Um impacto da “solidão imposta” pela ausência da interação social e convivência com suas respectivas famílias, foi/é um movimento de coabitação entre namorados.

Diante disso, e passados quase dois meses de confinamento, iniciam-se as dúvidas sobre os efeitos jurídicos da decisão da convivência sob o mesmo teto (ainda que temporária), ou seja, se a coabitação altera o status do relacionamento de namoro para união estável.

Neste sentido, cabe esclarecer que um relacionamento afetivo – mesmo que contínuo, duradouro e de convivência pública, não será união estável se não houver o objetivo de constituir família. Portanto, a convivência sob o mesmo teto (ainda mais temporária) não será o requisito exclusivo de distinção entre o relacionamento de namoro e união estável.

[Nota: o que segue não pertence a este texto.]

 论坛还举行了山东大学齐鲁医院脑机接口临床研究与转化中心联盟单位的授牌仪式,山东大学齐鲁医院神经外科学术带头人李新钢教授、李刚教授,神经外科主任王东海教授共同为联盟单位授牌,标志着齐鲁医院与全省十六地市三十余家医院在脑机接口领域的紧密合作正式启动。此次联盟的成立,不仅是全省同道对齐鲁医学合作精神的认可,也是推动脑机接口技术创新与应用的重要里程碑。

Além disso, para a configuração de uma relação de união estável é necessário que a intenção de constituir família seja contemporânea ao relacionamento vivenciado – não podendo consistir em um plano futuro.

O STJ, inclusive, já fez a diferenciação entre namoro qualificado (no qual pode haver coabitação) e a união estável, delineando que: o propósito de constituir família, alçado pela lei de regência como requisito essencial à constituição da união estável – a distinguir, inclusive, esta entidade familiar do denominado “namoro qualificado” -, não consubstancia mera proclamação, para o futuro, da intenção de constituir uma família. É mais abrangente. Esta deve se afigurar presente durante toda a convivência, a partir do efetivo compartilhamento de vidas, com irrestrito apoio moral e material entre os companheiros (Recurso Especial nº 1.454.643/RJ).”

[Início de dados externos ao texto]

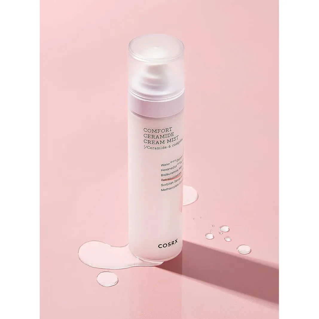Buy COSRX Balancium Comfort Ceramide Cream Mist for instant hydration and barrier protection. With six ceramides and Panthenol, this fine mist soothes and deeply moisturizes, perfect for use anytime—even over makeup. Experience long-lasting hydration, reduced redness, and a dewy glow with every spritz.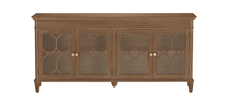 We took a classic Chippendale fretwork pattern and gave it a modern twist to create the striking doors of our Tristan buffet cabinet. Timeless molding details and tapered legs give it classic appeal; octagonal hardware adds art deco-inspired detail.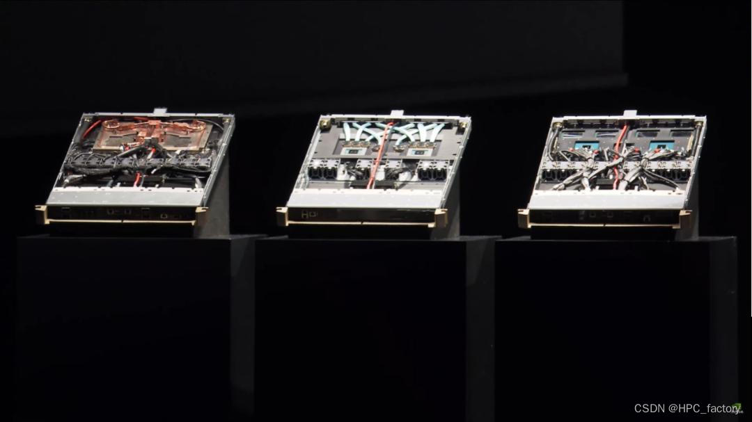 所以今年画风变了现在 DGX 长这样:拥有 5000 条 NVLink 电缆,长达 2 英里,都是铜电缆,不需要光收发器,节省了 20kW 的计算成本。

O recurso referido serve de paradigma para os casais que definiram por coabitar no período da pandemia para respeitar o isolamento social – sem um projeto atual de constituir família, uma vez que a situação fática dos autos era de um casal que resolveu coabitar para dividir despesas no período em que residiu no exterior pelo período de 2 anos e, posteriormente, noivou e se casou.